New York’s (Just Like) Starting Over

Kathleen McKitty Harris

“With Double Fantasy, I’m saying, ‘Here I am now. How are you?
How’s your relationship going? Did you get through it all? Wasn’t
the seventies a drag, you know? Well, here we are, let’s make the
eighties great because it’s up to us to make what we can of it.” — John Lennon

I was a ten-year-old kid living in Queens when John Lennon was shot and killed in New York City, gunned down in front of the Dakota where he and Yoko Ono resided. On the morning after John’s murder, I was awakened by my mother—who, as a teenager, had screamed at the first grainy, gray sight of The Beatles performing on The Ed Sullivan Show in 1963, who peeked her thirty-something head into my bedroom and asked me to pray for John’s soul.

I was born in the summer of 1970, a year after my parents’ nuptials, and a few months after The Beatles’ official breakup. I had never known life without The Beatles or their music. They were like sunlight, like water, like air—always surrounding me, always present.

By the end of the seventies, New Yorkers were long numbed to reports of knifings and shootings and muggings. But this news shook us out of our city-wide defensive stupor. We had come to understand that violence would happen to ordinary people like us, but not to someone like him.

New York City was my home, my ancestry, my epicenter. I was a fifth-generation native and I thought nothing of it because so many people in my city microcosm held the same title. New York was a place that I always expected to be from. As a child, I couldn’t comprehend that there was soil and bedrock and earth beneath paved city streets. If the asphalt was jackhammered too far, too deep, I was sure that all five boroughs would collapse into a black hole of nothingness.

As New York City prepared for the Christmas holiday season that year, the song that had the most radio airplay was the startlingly ironic “(Just Like) Starting Over,” the first single from Lennon’s newly released double LP Double Fantasy. New Yorkers, in their shame and shock, lined up in droves to buy the album, and turned up the volume all the way whenever that song played on the radio. It was an infinite loop in those days of mourning, a constant companion to our displaced, Christmas-lit grief. Shopkeepers played it behind the counter, on the AM radios they kept on high shelves and near the cash register. Kids played it on their transistor radios on buses and stoops.
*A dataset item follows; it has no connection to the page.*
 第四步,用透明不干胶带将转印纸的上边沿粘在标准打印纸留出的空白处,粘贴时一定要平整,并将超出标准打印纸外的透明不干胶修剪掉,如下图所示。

No one ever seemed to complain about the noise or repetition. We absorbed it as some kind of collective penance because it had happened in our city, on our streets.
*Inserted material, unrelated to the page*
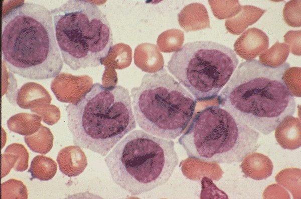 ANLL M5B: The monocytoid cells in this peripheral blood smear, at low oil magnification, show much more mature monocytic nuclei.

Scott Muni, Dennis Elsas, and Carole Miller, our beloved New York City FM radio DJs, walked us through our stunned, collective grief by playing an endless list of Beatles songs as well as Lennon’s first post-Beatles solo hit, “Imagine.” John’s love poem to his wife Yoko, “Woman,” “Nobody Told Me” from Milk and Honey, a nodding baby-boomer anti-paean, and John and Yoko’s Vietnam-era Christmas song, “Happy Xmas (War is Over.)” It was almost too much to bear by mid-month when Christmas songs dominated the airwaves, and John and Yoko’s “Happy Xmas (War Is Over)” was given airplay, an uppercut to our collective gut each time we heard it. Dear God, what had we done—to our city and our heroes and ourselves? Another year over, and a new one just begun.
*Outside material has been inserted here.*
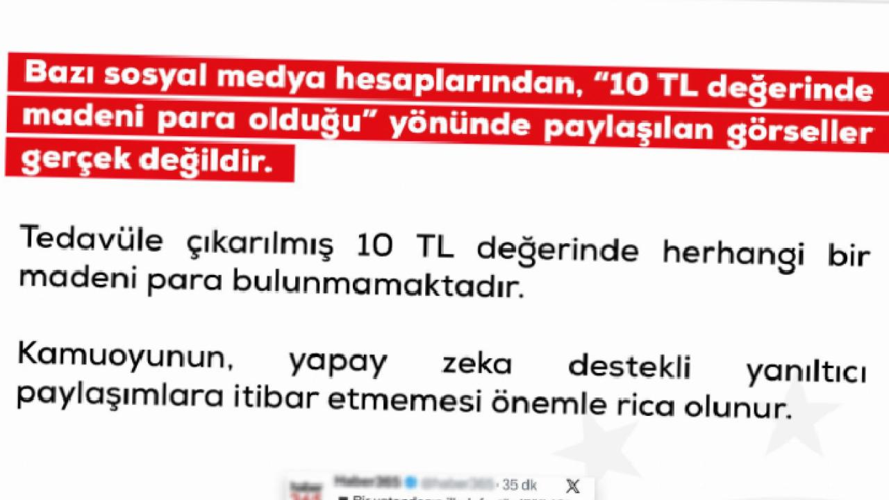 DMM’den yapılan açıklamada, söz konusu görsellerin gerçeği yansıtmadığı belirtilerek, tedavüle çıkarılmış 10 TL değerinde herhangi bir madeni para bulunmadığı vurgulandı.

Even now, I’m still struck by the whispered opening of their tender holiday protest song. Memories of tinseled row house windows, tired, sixties-era blow-mold-plastic carolers, and WWII-era strings of Christmas lights across shopping streets all arise at the sound of John and Yoko’s voices. My throat still tightens upon hearing it, a clutch of remembrance embedded within me, of a city and a culture tainted and lessened, and of the only home I’d ever known.

New Yorkers all seemed to walk to the beat of “(Just Like) Starting Over” in those mournful days. We recognized the sound of the clanging bell at the song’s opening, as well as the muffled PA announcement from the JFK ticket agent at its close. We played that song over and over again until the melody was imprinted on all of us. I don’t like to listen to “(Just Like) Starting Over” so much anymore because it takes me back to that sad and sorrowful winter when we had lost John to madness, and when we seemed to be losing New York City, our grand urban goddess, as well. I prefer “Watching the Wheels” instead, which is slower and gentler, less produced, more acoustic in sound. It’s still one of my favorite Lennon songs. I guess it’s how I’d rather remember him—enjoying that short span of time in being an everyday New Yorker and a doting father, no longer riding on the merry-go-round, letting it all go. The tune had captured so much of what John must have loved about his life as a stay-at-home father in NYC—baking bread for his son in the Dakota, walking the Central Park Reservoir path like a native, and living among the rest of us New Yorkers as a mere mortal.